PENANG is one of a handful of manufacturing sites in Asia with a 5G (fifth-generation mobile networks) radio frequency (RF) chip production facility. And the state has become an important production site for Mini-Circuits Technologies (Malaysia), a subsidiary of New York-based Scientific Component.
It is now producing one million 5G RF chips a month for use in 5G telecommunication base stations worldwide.
“We started 5G RF chip production in 2018.
“The plan is to increase the output to between 40 million and 50 million units in three years, depending on how fast telcos worldwide are able to implement 5G base stations,” says Datuk Seri Kelvin Kiew, president and chief executive officer of Mini-Circuits.

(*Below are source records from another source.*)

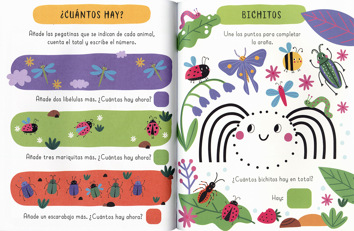 Encuadernación:  Tapa blanda con acabado en mate y brillos. Dos páginas de pegatinas.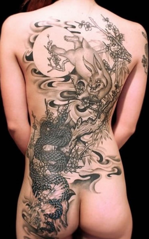 满背神龙与狡兔组合图案纹身满背流云衬托龙与_后背纹身图案大全_纹身图吧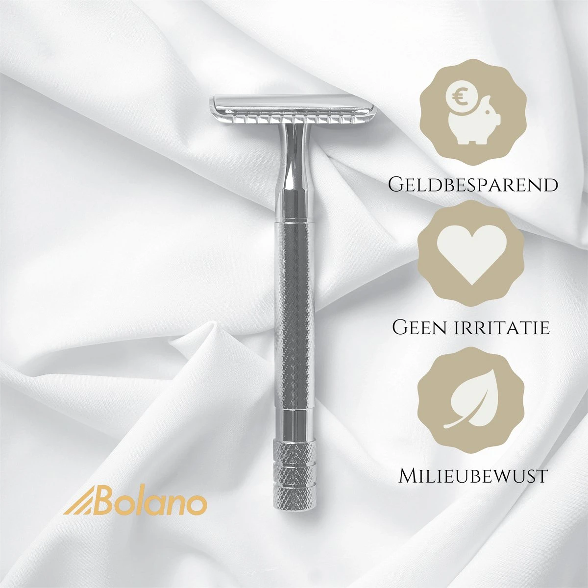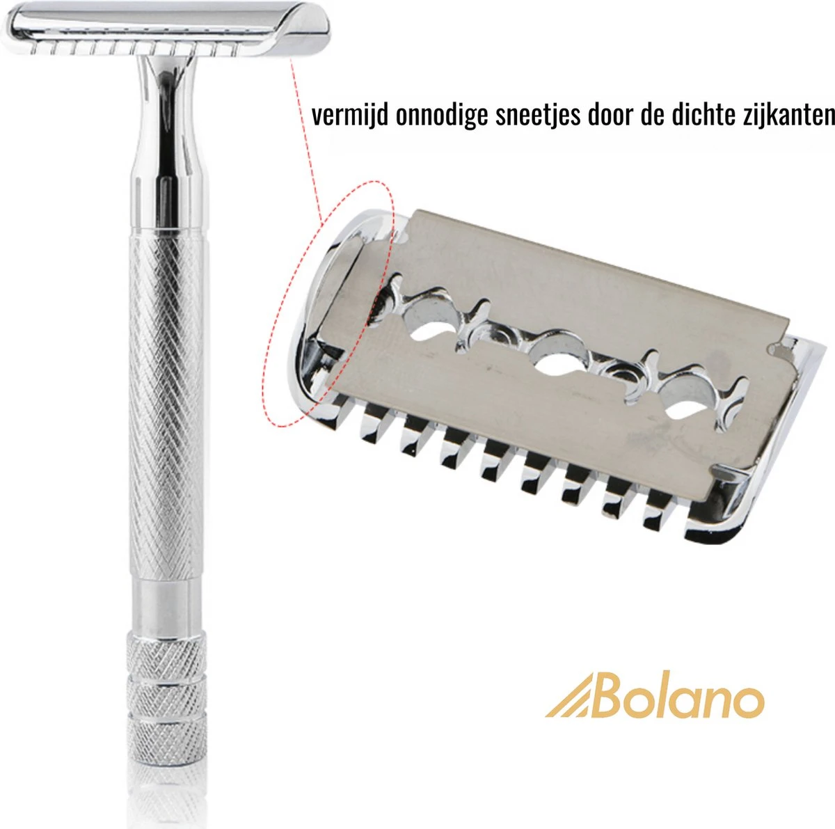 - Inclusief 30 RVS double edge scheermesjes en houder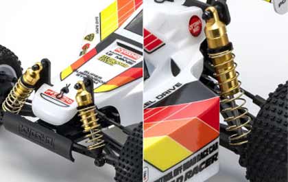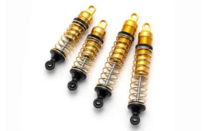 Equipped with gold anodized oil shocks that resemble the pressure shocks that dominated the era. Threaded shock bodies with dial adjustment collars allow for easy ride height tuning for precision chassis setting.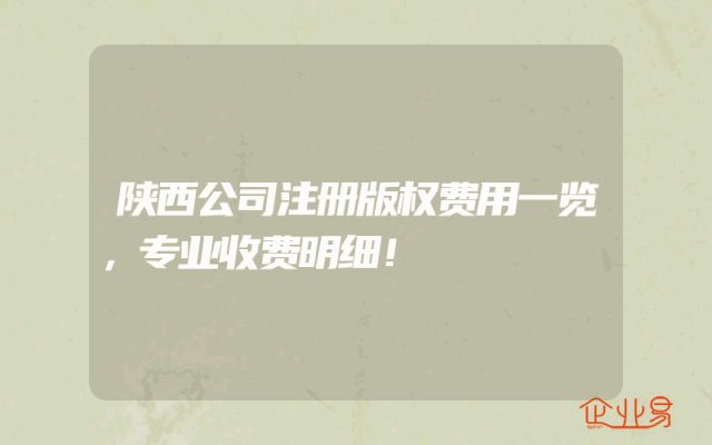 - 陕西公司注册版权费用一览:专业解析收费明细一、陕西公司注册版权概述陕西地区的企业在注册版权时,需要了解相关的费用明细。版权注册费用涉及多个方面,包括申请费、登记费、证书费等。了解这些费用对于企业和创作者来说都是重要的,能够帮助其更好地保护自

In Penang, Mini-Circuits produces 5G mmWave and sub-6 GHZ chips.
What is the fuss over 5G?
“In layman’s terms, 5G, the successor to 4G, is 100 times faster than 4G, with speeds that reach 10 gigabits per second.
“This would let consumers download a full-length high-definition movie in seconds.
“5G will have enhanced bandwidth, allowing it to accommodate the ‘Internet of Things’ (IoT) such as smart refrigerators to traffic lights to dog collars, enabling them to transmit and receive data.
“The potential benefits to 5G are vast for both businesses and consumers – for the former, the additional capacity and speed should allow for greater mobile working whilst for consumers, the speed should offer additional benefits within the ability of your smartphone. 5G is also crucial to the full implementation of AI (artificial intelligence) worldwide.
“For example, a business using a 5G network would mean employees can video conference from any location whilst for consumers, 5G could allow you to download a film to your smartphone in under a second,” Kiew says.
Penang is an important manufacturing site for Mini-Circuits, contributing about 10% of the 5G RF chips – valued at about US$350mil – to be shipped out by the group over the next few years.
“The value of the 5G RF chips shipped out from Penang is estimated to be about US$80mil for 2019, of which, about half of the amount is for the China market,” he says.
In the initial phase, the sub-6 GHZ application will dominate production, as it provides reasonable bandwidth speed and wider coverage.
“In the subsequent phase, the mmWave will be used in areas where there is a need for multi-gigabit communication services.
“The objective with mmWave is to increase the data bandwidth available over smaller, densely populated areas.
“It will be a key part of 5G in many cities, powering data in sports stadiums, malls, and convention centres, as well as basically anywhere that data congestion might be a problem.
“Out in rural towns and villages, sub-6 GHz and low bands below 2 GHz will probably play a more crucial role in ensuring consistent coverage,” Kiew says.
A problem with mmWave is that the signal cannot penetrate walls.
“However, the mmWave will leverage the support from 5G base stations to bounce around until a decent signal is transmitted.
“When it rains, the signal will be impacted.
“Our manufacturing site worldwide, including Penang, will work on improving both the mmWave and sub-6 GHZ band RF modules to overcome the limitations,” he adds.
According to Global System for Mobile Communications (GSMA) forecast, by 2025, there will be 1.2 billion 5G connections worldwide, with 5G networks covering almost 40% of the global population.
Asia Pacific will account for more than half of these, or 675 million 5G connections, by 2025.
But when will 5G become a reality?
“The first 5G compatible phones will become available in the middle of this year, but consumers will not initially notice vastly faster speeds because 5G coverage will be limited to certain cities or neighbourhoods at first.
“Analysts predict it will be at least a couple of years before the network’s reach will be extensive enough to let you use your 5G phone without relying on current wireless standards most of the time,” he says.
“We had a record year in 2018 shipping over US$400mil worth of RF products that includes filters, power splitters, and amplifiers.
“Growth in 2019 will be between 5% and 10%, impacted by the trade war and the overall slow down in the handheld products.
“Our Malaysia facility is expected to ship US$150mil worth of RF products in 2019,” Kiew concludes.